Call for Proposals for SCSU Women’s Studies Conference

by Alisha Martindale, Graduate Assistant, Women’s Studies Program

The Southern Connecticut State University Women’s Studies Program announces its 22nd Annual Conference “#FeministIn(ter)ventions: Women, Community, Technology,” to be held on the SCSU campus Friday and Saturday, April 15 and 16, 2016.

The conference aims to provide a critical site of collective inquiry into the intersections of women (and girls), community, and technology. In what ways have women and girls worked with technology, broadly defined, for the advancement of communities and/or shaping and building movements? We invite proposals that investigate the past, present, and future of the intersections of women, community, and technology and showcase feminist in(ter)ventions with technology. How have women and girls participated (or not) in the fields of technology? In what ways does this inquiry intersect with the studies of gender, race, class, and sexuality?

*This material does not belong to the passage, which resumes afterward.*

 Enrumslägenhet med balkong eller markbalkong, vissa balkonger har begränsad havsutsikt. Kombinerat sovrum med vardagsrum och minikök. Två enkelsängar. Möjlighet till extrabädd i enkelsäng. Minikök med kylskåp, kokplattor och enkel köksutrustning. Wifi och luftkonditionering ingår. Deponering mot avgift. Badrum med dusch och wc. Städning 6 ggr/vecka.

Call for Proposals Suggested Conference Themed Topics:

  • Women & the Media Girls Who Code/Black Girls Code
  • Feminist Apps/Feminist Ethics & Technology
  • Feminism, Environment, and Technology
  • Women, Sustainability, and Technology
  • Gender, Class, and Technology/Gender, Sexuality, and Technology Feminist Values and STEM
  • Gender and STEM Ethics/Women in STEM
  • Women in the History of STEM/Women Making History & STEM Reproductive Technologies and Feminist Concerns
  • Feminist Pedagogy and Technology
  • Women, Social Media/Technology, and Academia
  • Online (In)Visibility of Bodies Feminism and Big Data
  • Feminist Knowledge and Media Technology
    and more!

Info: (203) 392-6133 or see SCSU Women’s Studies Website for details: www.southernct.edu/academics/schools/arts/departments/womensstudies/annualconference/index.html.
E-mail proposals to womenstudies@southernct.edu.
The proposal submission deadline is December 4.

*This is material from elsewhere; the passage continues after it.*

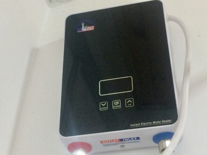 瞬間湯沸かし器はおしゃれなデザイン!アメリカの国旗と自由の女神の絵が描かれてあったのですが、どこのメーカーなのかは謎。スリランカって何故か高過ぎる位置に設置されている事が多いのです。。。

Events at the Mitchell Free Public Library

All the following events will be held at the Mitchell Library, 37 Harrison Street, New Haven. For more information: (203) 946-8117, www.nhfpl.org. The library is wheelchair-accessible.

Saturday, Nov. 7 and 28, 10 a.m.

National Novel Writing Month (NaNoWriMo)–Calling all aspiring writers! Join us for a workshop and write-in! Every November, aspiring writers around the world sit down to fulfill their dreams of writing a novel. NaNoWriMo, a 501c3 nonprofit, inspires this creativity in people of all ages. It has been incredibly successful in helping participants reach their creative potential and challenge their imaginations. Meet past NaNoWriMo participants and learn how they success-fully completed this personal challenge. Breakfast will be served sponsored by Bruegger’s. Please call to register: (203) 946-8117.
Mondays, 6:30 p.m.

Free English Classes–Clases de Ingles Gratis

Saturdays at 10 a.m.

Free GED Tutoring

Saturday, Nov. 21, 2 p.m.

A Glance at the World Through Film: Departures (2008), an award-winning film from Japan. A young man returns to his hometown after a failed career as a cellist and stumbles across work as a nōkanshi—a traditional Japanese ritual mortician. Free. Refreshments. Discussion led by Debbie Evans, world cinema buff. Wheelchair accessible.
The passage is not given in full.